With the bulk of the narrative focusing on her three lovers, Teoria is an unknown, ghostly figure throughout most of the text. She begins: “All my life I’ve sat at an angle observing the back and forth of other people’s lives…I excelled at finding just the right distance from actions and conversations.” Is it this “elliptical” stance toward the world that leads Teoria into the world of theory and endless dissertating? If theory is a substitute for real desire and political action, then has Teoria retreated into this theory-world in order to maintain this “right distance?”

In a book about language and theory, Brand appears to be asking what language can actually do in the world. Indeed, language becomes a literal trap for Teoria as the endless drafts of her dissertation slowly take over her apartment. Yet the book also appears to ask what happens to political action when it is caught up in endless theorizing. Teoria ponders this herself, explaining, “The philosophical question for me became how to reconcile the clear and dangerous everyday and dreadful emergencies of the social world, and one’s obligation to rid the world of them, with the desire for peace, for calm in this social moment.” Perhaps more interesting than Teoria’s actual question is her struggle to break through her stilted academia-speak in order to find her own language that might actually articulate her desires.

Theory is not, however, a mere philosophical tract dressed up as a narrative, but a formally inventive novel that blends philosophy and confession in order to address Teoria’s concern of how to link desire to political action. Where The Blue Clerk operates via contrapuntal exchanges, Theory is a far more monological, confessional narrative. Yet there are also intriguing excerpts from the fictional dissertation, attributed to Teoria and Christina Sharpe or Teoria and David Chariandy: the eruption of other voices suggests formal similarities between the theoretical-confessional form of Sharpe’s In The Wake: On Blackness and Being, Chariandy’s I’ve Been Meaning to Tell You, and Theory. Chariandy’s and Sharpe’s texts comprise a blend of the personal, critical, and theoretical, and provide a model for the kind of writing that Teoria struggles to articulate.

Theory, then, is a fictive-poetic meditation on what Teoria might call, borrowing from Frantz Fanon, a “sociogeny” of black desire, politics, and agency.
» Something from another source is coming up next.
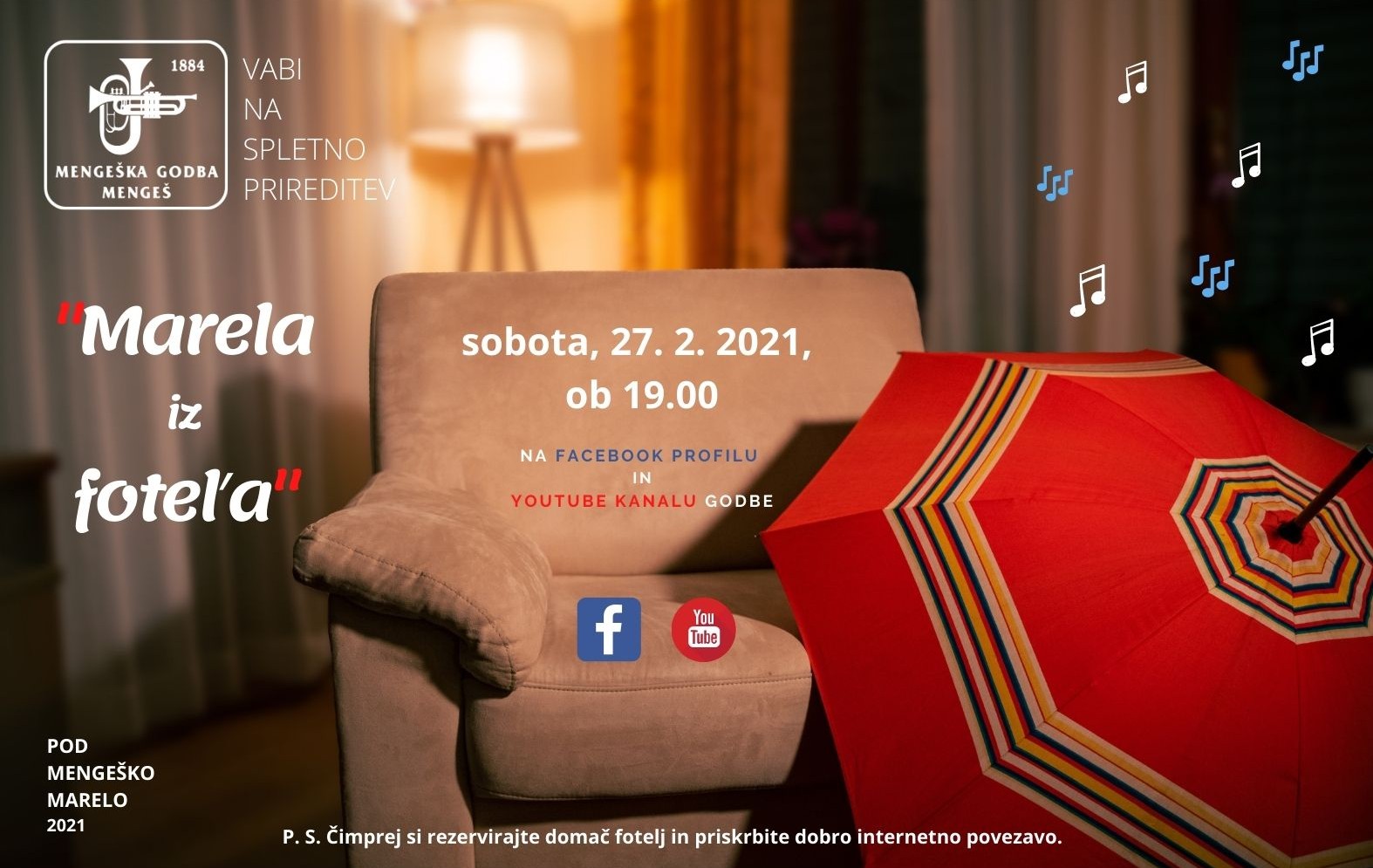 Mengeška godba vsako leto februarja organizira tradicionalno prireditev Pod mengeško marelo. Tudi letošnje leto ne bo izjema. Tokratna "Marela", že 37. po vrsti, bo v soboto, 27. 2. 2021, ob 19.00 kar iz domačega fotel'a. Po prireditvi bo tudi zakuska in druženje z godbeniki.

It traces the social forces that produce Teoria, map her desires, her relationships, and assess the structures of the world that have restricted her being. Teoria explains: “My critics…will say that I am describing a world they don’t recognize. Well, patently that is true. I’m describing a world that I am forced to live in and they aren’t. I’m describing a world that is constructed through their unseeing.” As it ends, the novel itself turns out to be the form in which Teoria can describe the world that she is forced to inhabit.

Both of these important books illuminate and provoke, yet neither is didactic, and Brand employs doubt and self-questioning to query her own conclusions. At the heart of both texts is Brand’s scepticism of notions of liberal humanism, and its attendant forms of narrative, with its acts of “unseeing.” Teoria describes it in plain terms, describing a grad school colleague: “She’s a humanist, whereas I am a…well, certainly not a humanist. Humanism is the graveyard of people like me.” Her ellipses speak volumes, evoking the voices and histories “withheld,” and her desire for another story, another identity, and a “freedom to come.”

Paul Barrett is an assistant professor in the English department at Concordia University. He is the author of Blackening Canada: Diaspora, Race, Multiculturalism. He writes on topics of race, digital humanities, and public culture in Canada.